Abandon all hope, ye who enter here.
Auletta decides to "follow the money" right through the concentric circles of hell, reasoning that the best way to understand advertising's current condition is to trace the shrinking advertising revenue of traditional players – revenue that is now fueling Google, Facebook, and a "myriad of other new digital enterprises." Auletta's concern is that interruptive advertising, which has underwritten entertainment, news and product marketing is disappearing, and with it go the economic and commercial benefits that we and the industry's players have so long enjoyed.
The author's research for the book is extensive – approximately 450 recorded interviews (including one with this reviewer). The interviews are both a source of strength and weakness of the book, since many of Auletta's key sources – Martin Sorrell, Irwin Gottlieb, Richard Tobaccowala, Randall Rothenberg, Caroline Everson, Les Moonves, Beth Comstock, Anne Finucane, Bob Greenberg, Keith Weed and Gary Vaynerchuk – are affected by the industry's disruptions, and each source's observations contain elements of disbelief, anger, fear, denial and hope. The advertising industry today has the intellectual and emotional clarity of a mental institution, and one cannot expect to find the truth about the future of mental health by relying on the thoughts of the inmates.
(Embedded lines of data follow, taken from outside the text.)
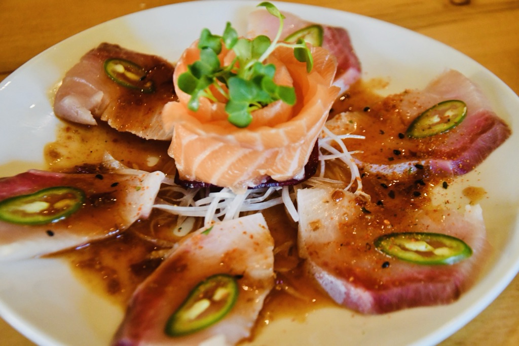 Listed on the menu as a chef’s special, it’s easy to see why. Thin slices of Hamachi are joined on the plate with red yuzu kosho, Shiro ponzu, sesame oil, and red radish then topped with paper thin serrano slices and togarashi.
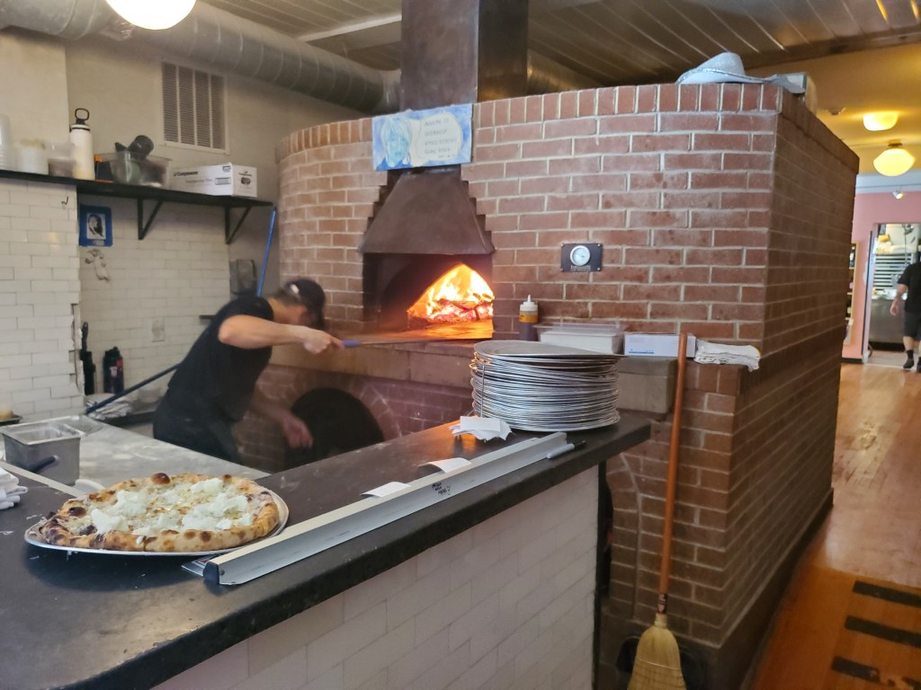 Although the bulk of Sally’s seating appeared to be outside, I had reserved an indoor table for us. It turned out to be the restaurant’s lone wrap-around booth, which is right next to the pizza prep area and oven, giving us an ideal vantage point along with comfortable seats.
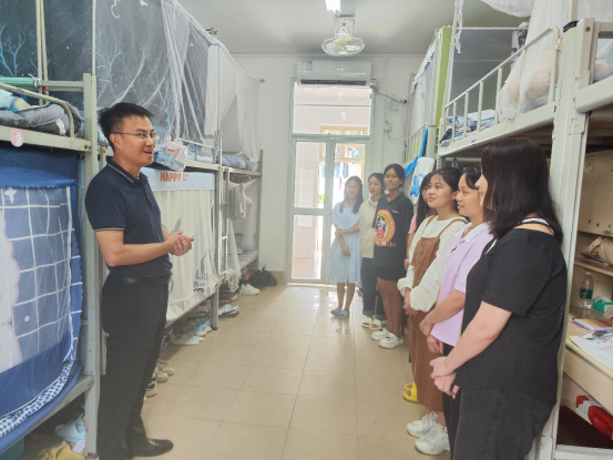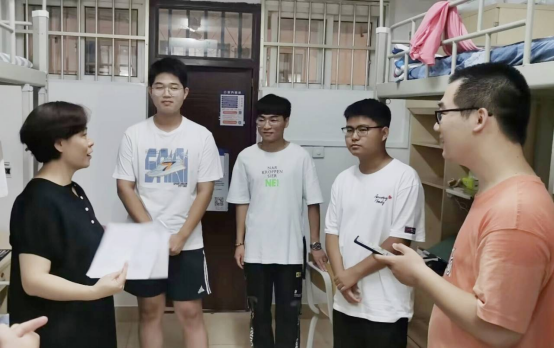 在宿舍里,老师们与新生及部分新生家长亲切交谈。党委书记余云宇老师向新生表达了热烈欢迎和亲切关怀。为缓解学生对家的思念,老师们鼓励新生介绍自己的家乡习俗,分享来校经历,帮助同学们及时调整状态,更好地适应新环境,并叮嘱学生遇到学习或生活问题要及时向老师和同学们寻求帮助。随后,老师又勉励新生:大家来自五湖四海,怀着共同的理想相遇在这里,在日后的学习和生活中要互相理解,互相帮助,共同进步,创造美好的大学生活。与家长交流时,余书记请家长放心,学校会帮助新生尽快适应大学生活,培养学生独立学习生活的能力。同学们深切感受到了老师们的期盼和关怀,纷纷表示将会牢记老师们的嘱托,不负青春韶华,努力提升自我。

This might explain why Auletta, with a nearly audible sigh of relief, settles on Michael Kassan, founder and CEO of MediaLink, to be his Virgil and guide through the industry's changes. Auletta centers his book on Kassan in his business role as matchmaking impresario, search consultant, and "man-with-a-tortured past." (Kassan's law license in California was suspended in the 1990s in connection with poor financial decision-making and a brush with the law before being reinstated. He has been a member of the California Bar since 1976.) Auletta devotes a long chapter to Kassan, and then some, to position him as an omni-present spokesman, guide and interpreter of the broader changes in the industry, elevating him to "expert among experts." "Frenemies" ends with Kassan successfully selling MediaLink to another company – the emotional high point of the book despite being a somewhat unsatisfying conclusion for this ambitious tome.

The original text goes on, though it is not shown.